New Report: As Senate confirms Kraninger to head CFPB, state and local authorities can fill the void to protect consumers

Media Contacts
Ethan Lutz


WASHINGTON — Over the past year, the Consumer Financial Protection Bureau (CFPB), the federal agency designed to protect consumers, has strayed from its mission. With that backdrop, U.S. PIRG Education Fund is releasing a new report highlighting how state and local governments are filling the void to defend consumers from unfair financial practices. The report also makes recommendations for other initiatives to protect consumers.

Ever since President Trump installed Office of Management and Budget Director Mick Mulvaney as the acting director of the CFPB 13 months ago, the agency has at best stalled on protecting consumers, and, at times, actively promoted corporate interests over those of consumers. Kathy Kraninger, the nominee to become the permanent CFPB director, was confirmed by the Senate this afternoon and is expected to continue the void in protections at the Consumer Bureau.

“Kathy Kraninger has no consumer protection or financial regulation experience.

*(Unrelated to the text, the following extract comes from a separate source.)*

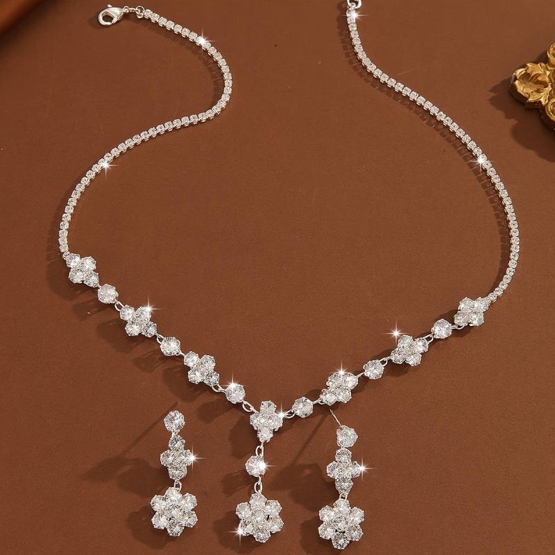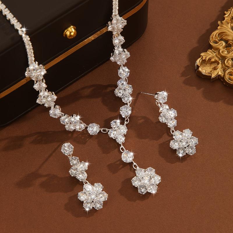 Zirconia Earrings Necklace Set High End Jewelry
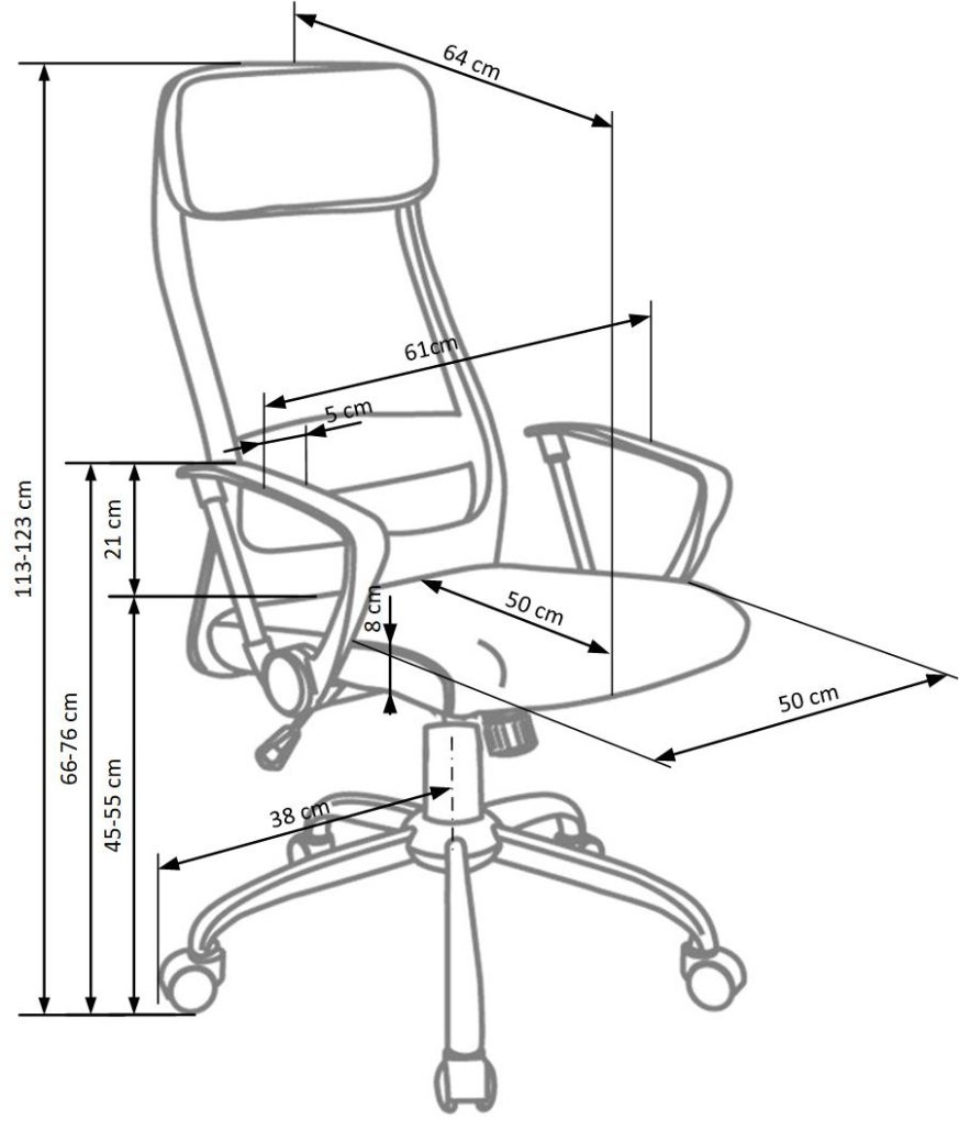 - Materiali sedeža in naslonjala: tkanina, mreža

We expect her to simply follow Mick Mulvaney’s playbook,” said Ethan Lutz, U.S. PIRG’s consumer fellow. “While the CFPB’s current leadership has abandoned its mission, we’re grateful that several states are taking action to make sure companies don’t take advantage of consumers.”

The report, Positioned to Protect: How State and Local Authorities Can Fill the CFPB Void, highlights the following:

  • Several states, notably New Jersey, Pennsylvania, and Virginia, have added resources to their state Attorney General Offices or have even established “mini-CFPBs,” while Maryland established its own Financial Consumer Protection Commission to provide policy recommendations to its state legislature and Attorney General.

  • State authorities unilaterally have protected their constituents and prosecuted acts that run afoul of federal “unfair, deceptive or abusive acts and practices (UDAP)” statutes.”

  • States including California, Connecticut, Illinois, and Washington, as well as the District of Columbia have enacted student loan servicer regulations and established student loan ombudsman positions.

  • A bipartisan coalition of attorneys general from numerous states have banded together to fill the enforcement void. Their tactics include expanding their Office of the Attorney General consumer protection divisions, writing letters urging for stronger enforcement, and implementing student loan borrower protections

  • The private group Cities for Financial Empowerment (CFE) has helped establish consumer financial education programs in more than 20 cities and has begun to establish city-level consumer protection enforcement in Denver, Nashville, and Salt Lake City.

“Until we get a strong CFPB back doing its only job, protecting consumers, we need to find other ways to police the financial marketplace,” said Mike Litt, consumer campaign director for U.S. PIRG. “The work of states and cities is critical and we encourage other state and local governments to study these policies and use them as a template for future action.”



U.S. PIRG (Public Interest Research Group) Education Fund is an independent, non-partisan group that works for consumers and the public interest. Through research, public education and outreach, we serve as counterweights to the influence of powerful special interests that threaten our health, safety, or well-being.